The first step is to connect and configure a "target" wireless LAN comprised of an Access Point or wireless router and a single wireless client. This WLAN will be secured with the WEP key that you will be cracking. Give your AP an SSID of your choosing - we called ours "starbucks". Configure a 64 bit WEP key on the WAP to start - after you successfully break a 64 bit key, you can try a 128 bit key.
You'll need to record the following information for later use:
- MAC Address of the AP - This is usually displayed in the web configuration menu. It also may be found on a label on the bottom or side of the AP
- SSID of the AP
- Wireless channel of the AP - by default will probably be Channel 6, but make sure
- WEP key - If your AP displays the key as 0xFFFFFFFFFF (replace the F's with whatever your key is), write down only everything past the 0x
With the AP configured, we now need to get a client associated with it. (The following example uses Windows XP.) Right-click on the My Network Places icon on your desktop, or in your Start Menu. Then left-click Properties.
Double-click the entry called Wireless Network Connection and a window similar to Figure 6 will open. Figure 6 shows that multiple WLANs are available, but your window may show only the "starbucks" AP that you just configured. Connect to your AP by double-clicking the corresponding SSID.
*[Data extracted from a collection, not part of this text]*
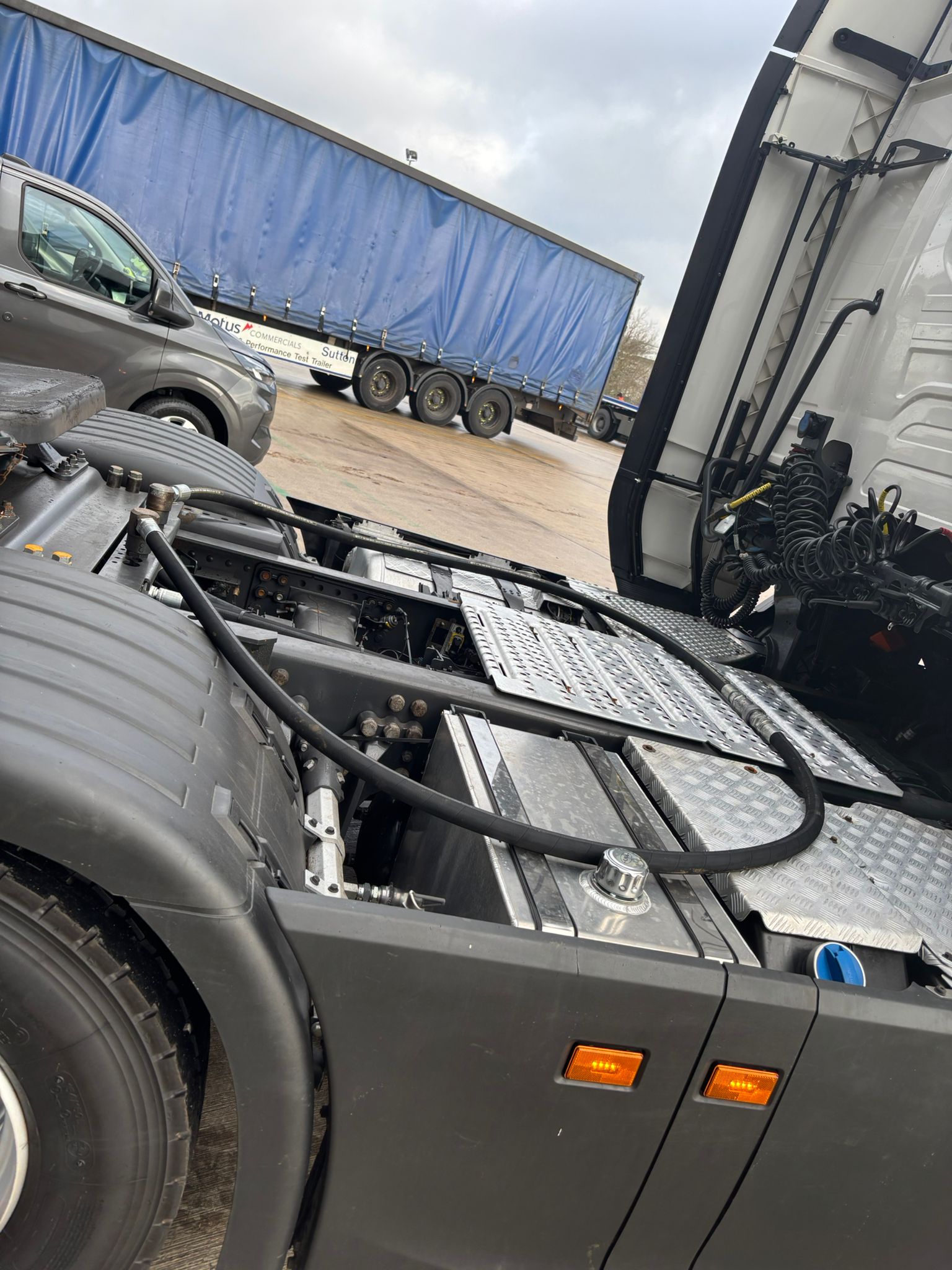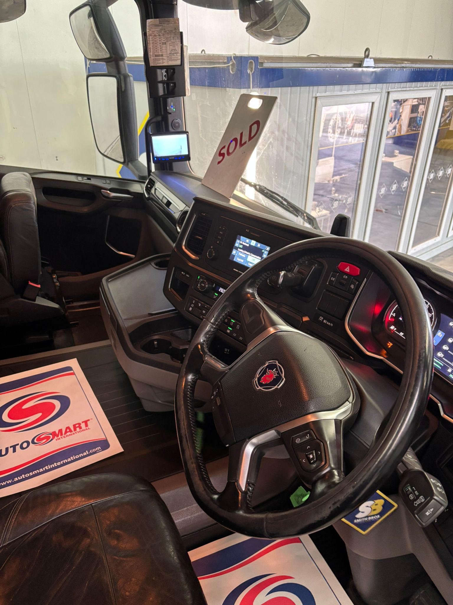 Leather Interior, Scania Premium Infotainment System, Fridge, Side skirts, Sky lights and fog lights, Single Bunk with Rear Lockers, Illuminated Headboard, Airhorns, Colour Coded, Power Blower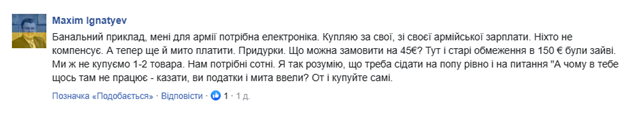"Банальный пример: мне для армии нужна электроника. Покупаю за свои, из своей армейской зарплаты. Никто не компенсирует. А теперь еще и пошлину платить. При*урки. Что можно заказать на 45€? Здесь и старые ограничения в 150€ были лишние. Мы же не покупаем 1-2 товара. Нам нужны сотни. Я так понимаю, что нужно садиться на попу ровно и на вопрос "А почему у тебя что-то там не работает – говорить, вы налоги и пошлины ввели? Вот и покупайте сами", – прокомментировал военнослужащий Максим Игнатьев.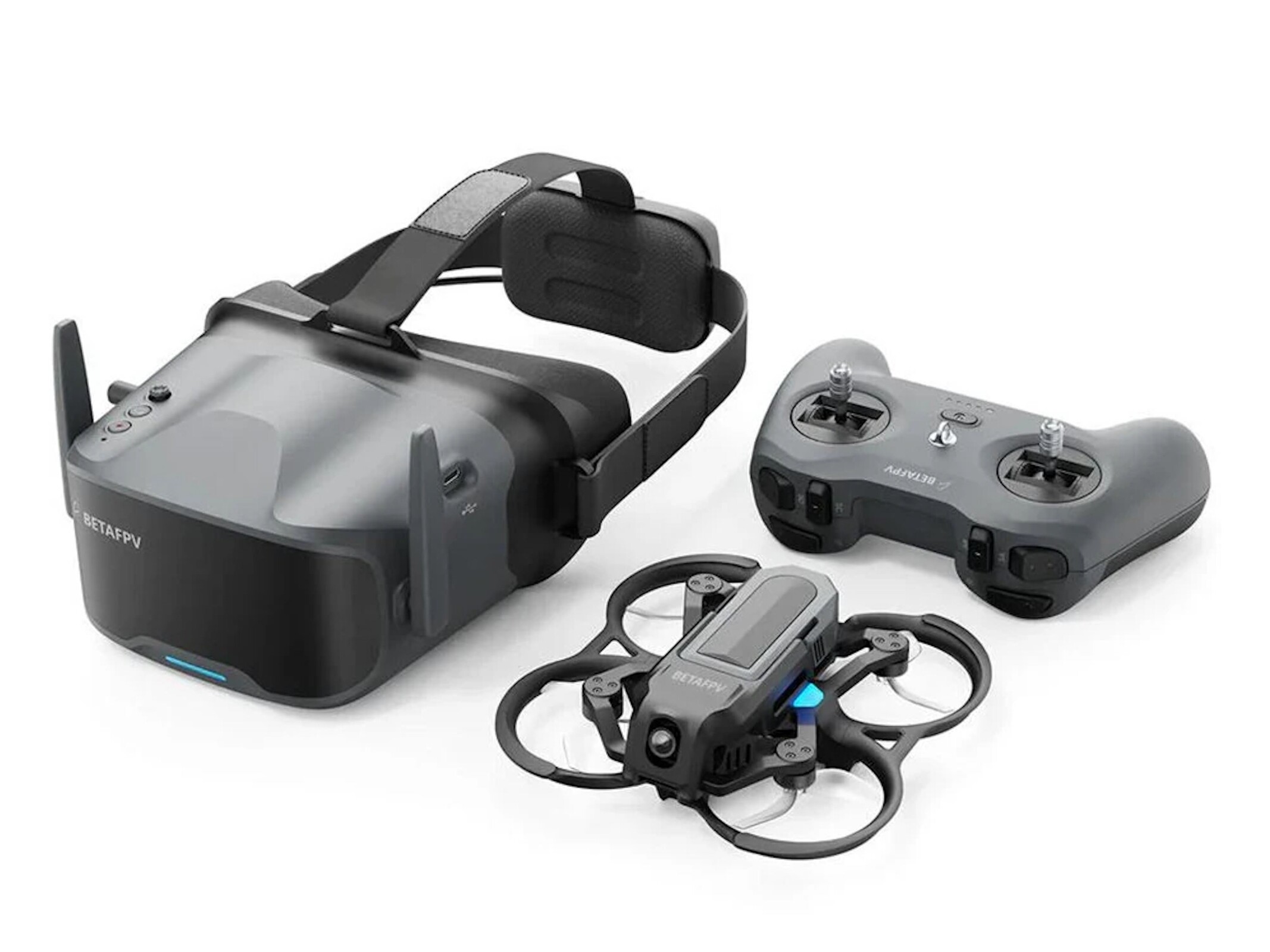 Für die Steuerung steht ein Controller bereit, wobei dieser einem typischem Game-Controller nicht ganz unähnlich ist, allerdings gibt es keine Analogsticks. Angegeben wird eine Flugzeit von 10 Minuten, die maximale Geschwindigkeit wird mit 18 km/h angegeben. Angegeben wird ein Startgewicht von 122 Gramm, über die genauen, rechtlichen Rahmenbedingungen sollten sich Nutzer aber natürlich trotzdem genau informieren. Im Lieferumfang sind alle nötigen Teile bereits enthalten, also unter anderem die Drohne, die FPV-Brille, Akku und Ladegerät und auch ein USB-Kabel.

Figure 6: Connecting to your WAP
(click image to enlarge)
Because the AP has WEP enabled, Windows will ask for the network key in order to connect (Figure 7). Type in your WEP key (or cut and paste it from a Notepad or Wordpad document) and after a short wait Windows should report that you are connected to the network. Make sure that you are really connected by pinging a known computer on your wired LAN or opening your browser and checking your favorite website if your WLAN is connected to the Internet.
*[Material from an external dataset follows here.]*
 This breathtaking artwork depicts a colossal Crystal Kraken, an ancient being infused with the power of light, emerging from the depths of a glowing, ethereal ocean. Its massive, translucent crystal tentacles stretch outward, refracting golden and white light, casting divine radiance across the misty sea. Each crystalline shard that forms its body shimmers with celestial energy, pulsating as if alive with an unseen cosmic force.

Figure 7: Entering WEP Key
(click image to enlarge)
If you can't get a successful ping or browse the web, open your wireless adapter's Network properties, click on the Support tab and check that you have valid IP address information. If you don't, check that your LAN's DHCP server is enabled and also check that the wireless adapter's TCP/IP properties are set to "Obtain an IP address automatically". You may also need to run a Repair on the connection.